> _Aim of the task_
Would you restate the entries below word for word, starting at the first line and ending with the one that has "与小鹏P7一样陷入销量困境的"?

[Stored data]
════════════════
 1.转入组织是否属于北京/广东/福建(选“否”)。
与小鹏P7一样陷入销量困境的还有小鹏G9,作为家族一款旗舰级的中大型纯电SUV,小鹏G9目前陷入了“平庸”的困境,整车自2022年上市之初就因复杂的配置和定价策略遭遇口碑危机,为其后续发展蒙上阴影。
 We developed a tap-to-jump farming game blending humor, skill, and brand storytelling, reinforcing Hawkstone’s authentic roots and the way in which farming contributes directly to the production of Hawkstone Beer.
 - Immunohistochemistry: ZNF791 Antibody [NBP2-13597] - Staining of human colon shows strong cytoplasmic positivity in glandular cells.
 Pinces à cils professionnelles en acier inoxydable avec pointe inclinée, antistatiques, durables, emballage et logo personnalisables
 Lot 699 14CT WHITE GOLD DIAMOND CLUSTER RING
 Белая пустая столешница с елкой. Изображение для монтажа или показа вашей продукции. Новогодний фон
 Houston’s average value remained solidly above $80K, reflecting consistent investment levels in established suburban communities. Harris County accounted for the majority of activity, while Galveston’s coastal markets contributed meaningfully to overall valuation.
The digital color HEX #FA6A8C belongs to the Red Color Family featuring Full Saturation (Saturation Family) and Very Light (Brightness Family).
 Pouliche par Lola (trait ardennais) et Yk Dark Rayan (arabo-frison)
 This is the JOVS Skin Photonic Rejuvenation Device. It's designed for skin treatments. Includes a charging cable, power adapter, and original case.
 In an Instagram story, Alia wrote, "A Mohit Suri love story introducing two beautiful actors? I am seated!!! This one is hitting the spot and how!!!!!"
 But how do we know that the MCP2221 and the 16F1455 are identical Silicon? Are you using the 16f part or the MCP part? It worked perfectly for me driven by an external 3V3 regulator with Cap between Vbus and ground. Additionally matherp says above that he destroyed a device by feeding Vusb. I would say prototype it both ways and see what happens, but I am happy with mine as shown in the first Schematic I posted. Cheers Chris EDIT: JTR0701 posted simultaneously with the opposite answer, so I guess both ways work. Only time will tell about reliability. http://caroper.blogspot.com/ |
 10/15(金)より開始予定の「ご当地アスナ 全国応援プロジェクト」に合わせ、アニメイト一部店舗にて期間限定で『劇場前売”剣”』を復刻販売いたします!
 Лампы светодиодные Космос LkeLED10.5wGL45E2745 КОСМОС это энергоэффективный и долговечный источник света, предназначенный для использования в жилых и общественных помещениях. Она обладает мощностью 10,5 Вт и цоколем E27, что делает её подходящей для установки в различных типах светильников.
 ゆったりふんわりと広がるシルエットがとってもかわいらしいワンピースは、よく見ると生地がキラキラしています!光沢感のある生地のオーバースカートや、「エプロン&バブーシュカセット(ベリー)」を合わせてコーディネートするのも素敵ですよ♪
════════════════
> _Task response_
 1.转入组织是否属于北京/广东/福建(选“否”)。
与小鹏P7一样陷入销量困境的还有小鹏G9,作为家族一款旗舰级的中大型纯电SUV,小鹏G9目前陷入了“平庸”的困境,整车自2022年上市之初就因复杂的配置和定价策略遭遇口碑危机,为其后续发展蒙上阴影。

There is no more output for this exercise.